**WORK TO COMPLETE:** For this exercise, print all of the data exactly as given.

[[ SUPPLIED DATA open ]]

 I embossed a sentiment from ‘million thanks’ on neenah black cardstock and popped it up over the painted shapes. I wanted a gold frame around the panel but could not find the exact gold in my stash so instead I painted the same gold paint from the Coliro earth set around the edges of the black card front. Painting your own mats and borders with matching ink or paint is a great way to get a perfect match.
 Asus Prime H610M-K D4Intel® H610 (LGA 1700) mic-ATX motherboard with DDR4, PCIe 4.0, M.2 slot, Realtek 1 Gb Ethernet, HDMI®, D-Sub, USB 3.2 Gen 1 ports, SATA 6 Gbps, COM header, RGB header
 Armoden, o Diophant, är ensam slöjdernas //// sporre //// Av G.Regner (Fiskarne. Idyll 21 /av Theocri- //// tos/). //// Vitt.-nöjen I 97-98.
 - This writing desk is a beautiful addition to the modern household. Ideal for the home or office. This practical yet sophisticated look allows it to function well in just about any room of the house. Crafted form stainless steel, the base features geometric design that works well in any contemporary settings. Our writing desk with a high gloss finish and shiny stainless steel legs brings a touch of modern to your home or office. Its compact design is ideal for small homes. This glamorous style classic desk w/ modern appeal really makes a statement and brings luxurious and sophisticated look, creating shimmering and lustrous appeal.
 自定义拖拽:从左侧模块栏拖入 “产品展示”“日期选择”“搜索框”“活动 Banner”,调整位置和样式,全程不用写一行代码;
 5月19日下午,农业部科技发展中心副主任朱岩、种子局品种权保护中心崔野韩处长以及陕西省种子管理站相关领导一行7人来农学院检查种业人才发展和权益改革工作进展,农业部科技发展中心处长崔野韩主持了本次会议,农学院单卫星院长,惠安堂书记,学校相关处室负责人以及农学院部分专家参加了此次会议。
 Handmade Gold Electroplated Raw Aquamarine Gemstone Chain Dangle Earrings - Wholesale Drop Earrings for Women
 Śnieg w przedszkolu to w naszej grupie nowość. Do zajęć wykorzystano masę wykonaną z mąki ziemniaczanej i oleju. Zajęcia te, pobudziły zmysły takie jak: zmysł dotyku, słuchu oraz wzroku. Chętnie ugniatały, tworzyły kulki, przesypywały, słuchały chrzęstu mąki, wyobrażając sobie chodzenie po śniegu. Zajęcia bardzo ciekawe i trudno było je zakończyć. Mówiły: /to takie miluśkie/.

[[ SUPPLIED DATA closed ]]

**TASK RESULT:**
 I embossed a sentiment from ‘million thanks’ on neenah black cardstock and popped it up over the painted shapes. I wanted a gold frame around the panel but could not find the exact gold in my stash so instead I painted the same gold paint from the Coliro earth set around the edges of the black card front. Painting your own mats and borders with matching ink or paint is a great way to get a perfect match.
 Asus Prime H610M-K D4Intel® H610 (LGA 1700) mic-ATX motherboard with DDR4, PCIe 4.0, M.2 slot, Realtek 1 Gb Ethernet, HDMI®, D-Sub, USB 3.2 Gen 1 ports, SATA 6 Gbps, COM header, RGB header
 Armoden, o Diophant, är ensam slöjdernas //// sporre //// Av G.Regner (Fiskarne. Idyll 21 /av Theocri- //// tos/). //// Vitt.-nöjen I 97-98.
 - This writing desk is a beautiful addition to the modern household. Ideal for the home or office. This practical yet sophisticated look allows it to function well in just about any room of the house. Crafted form stainless steel, the base features geometric design that works well in any contemporary settings. Our writing desk with a high gloss finish and shiny stainless steel legs brings a touch of modern to your home or office. Its compact design is ideal for small homes. This glamorous style classic desk w/ modern appeal really makes a statement and brings luxurious and sophisticated look, creating shimmering and lustrous appeal.
 自定义拖拽:从左侧模块栏拖入 “产品展示”“日期选择”“搜索框”“活动 Banner”,调整位置和样式,全程不用写一行代码;
 5月19日下午,农业部科技发展中心副主任朱岩、种子局品种权保护中心崔野韩处长以及陕西省种子管理站相关领导一行7人来农学院检查种业人才发展和权益改革工作进展,农业部科技发展中心处长崔野韩主持了本次会议,农学院单卫星院长,惠安堂书记,学校相关处室负责人以及农学院部分专家参加了此次会议。
 Handmade Gold Electroplated Raw Aquamarine Gemstone Chain Dangle Earrings - Wholesale Drop Earrings for Women
 Śnieg w przedszkolu to w naszej grupie nowość. Do zajęć wykorzystano masę wykonaną z mąki ziemniaczanej i oleju. Zajęcia te, pobudziły zmysły takie jak: zmysł dotyku, słuchu oraz wzroku. Chętnie ugniatały, tworzyły kulki, przesypywały, słuchały chrzęstu mąki, wyobrażając sobie chodzenie po śniegu. Zajęcia bardzo ciekawe i trudno było je zakończyć. Mówiły: /to takie miluśkie/.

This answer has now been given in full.